Wolf’s bane
Wolf's bane, despite its name, kills without mercy. It is purportedly known by the scientific name Aconitum, which is derived from the Greek word for "dart," which was used to poison arrows to kill wolves. However, the Anglo-Saxons just knew it as thung, like any other plant that is extremely poisonous.
Wolf's bane consumption results in symptoms such as numbness in the mouth, nausea, vomiting, a weak pulse, breathing difficulties, and a sensation of things crawling on the skin. Aconitine is the poison that's at play. It's best kept away from the kitchen because Hecate created it from Cerberus's hell-foam.

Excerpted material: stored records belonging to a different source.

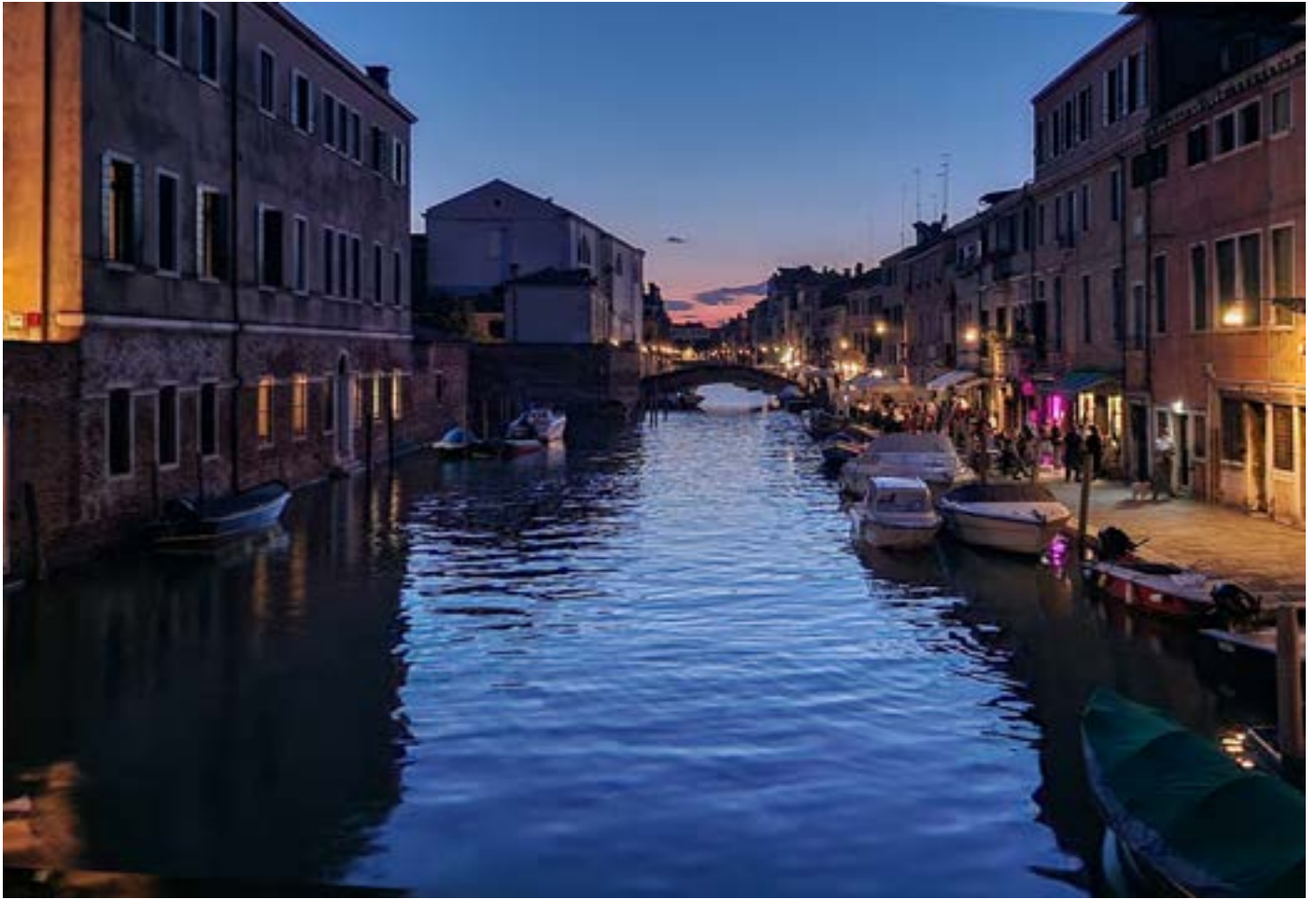
Kväll i Venedig nära vårt boende.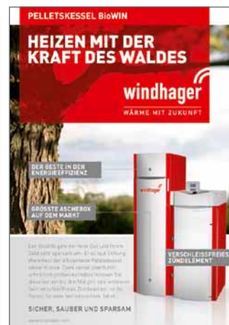
Abb.: Beispielanzeigen aus IKZ-HAUSTECHNIK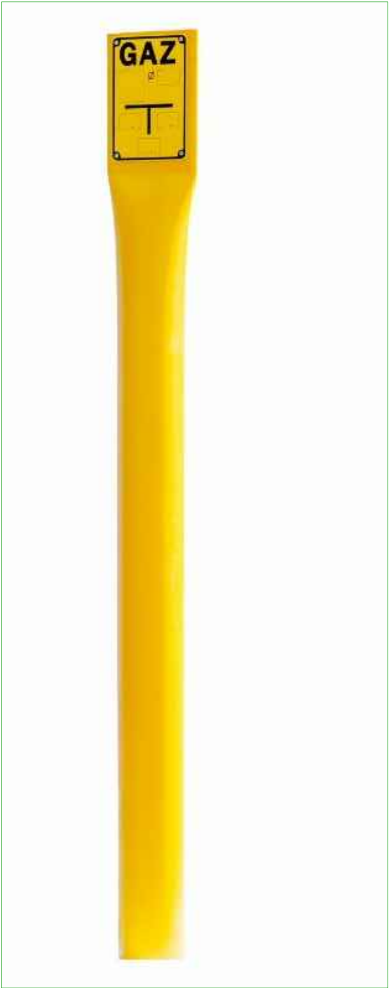
Rys. 1 Słupek oznaczeniowy: - wykonany z polietylenu, - wysokość 1,5m, - mocowany za pomocą kotwy gruntowej, - zagłębienie 0,8m, - średnica 110mm.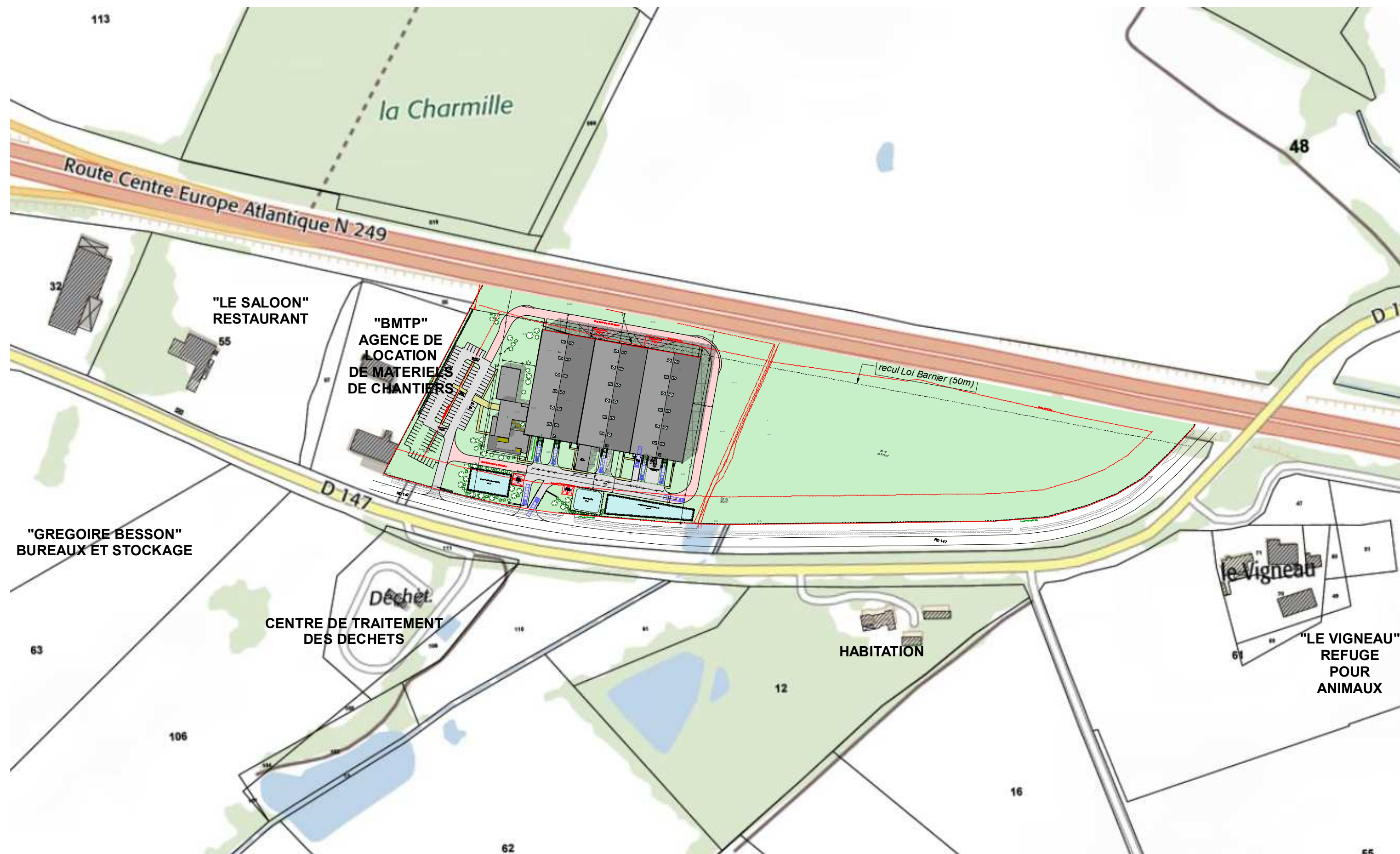
PLAN DE MASSE - 1/2 500

Despite being often confused with horseradish, it scarcely needs the cover. Asian cultures devour the roots for their alleged medicinal properties. Even worse, the president of Kyrgyzstan suggested wolf's bane as a treatment for COVID-19, putting four of his supporters in the hospital.
It was formerly one of the poisons that the death-obsessed Pope Clement VII most dreaded. He was approached in 1524 by a doctor who had an all-purpose antidote to poison, which he tested on aconitine. He fed two convicts wolf's bane-laced marzipan cakes before giving one of them the cure, which was successful, and letting the other suffer till death. The delusional pontiff was later mercifully dispatched with death caps.